Agriculture accounts for about $16 billion of the state’s economy, and NAFTA, which links the U.S. economy to trading partners Canada and Mexico, has been a boon to the state’s agriculture sector in particular.
This is an Opinion
The Arkansas World Trade Center in Rogers reports that Arkansas exports to Canada and Mexico have increased more than 400 percent since the trade pact went into effect. The two nations import 44 percent of agricultural products grown in the state, making them Arkansas’ primary agriculture markets.
In fact, Canada and Mexico account for a third of all Arkansas exports, according to the Congressional Research Service, and more than 100,000 jobs in Arkansas depend on trade with the two countries, the Trade Center says.

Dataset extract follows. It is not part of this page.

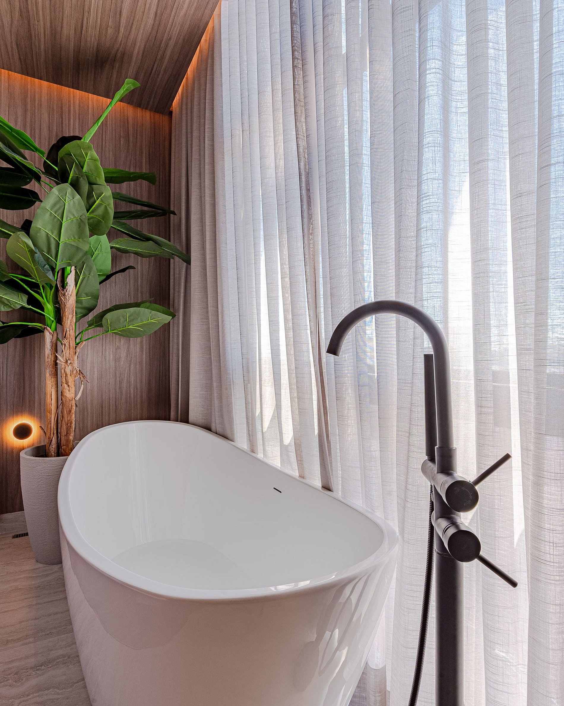 Banheira de Imersão: Para momentos de relaxamento, o apartamento dispõe de uma banheira aconchegante, onde você pode se desligar da rotina e desfrutar de um banho tranquilo com vista para a cidade.

Arkansas-grown business behemoths Wal-Mart Stores and Tyson Foods have also benefited hugely from the trade agreement.
“We are known as global leaders,” Gov. Asa Hutchinson said at a meeting on NAFTA and Arkansas earlier this month at the Trade Center. “We cannot retreat from that global presence in the marketplace without harming our workers and businesses in the state.” In December, the governor took this message to the White House personally.
On the day we went to press, Trump indicated there might be hope for the treaty. “Will it be renegotiated? We’re trying right now,” he said in an interview Thursday with CNBC. “I think we have a good chance, but we’ll see what happens.” See what we mean about malleable?
Where NAFTA can be improved, it should be improved, but scrapping the pact in its entirety would create real economic pain in Arkansas.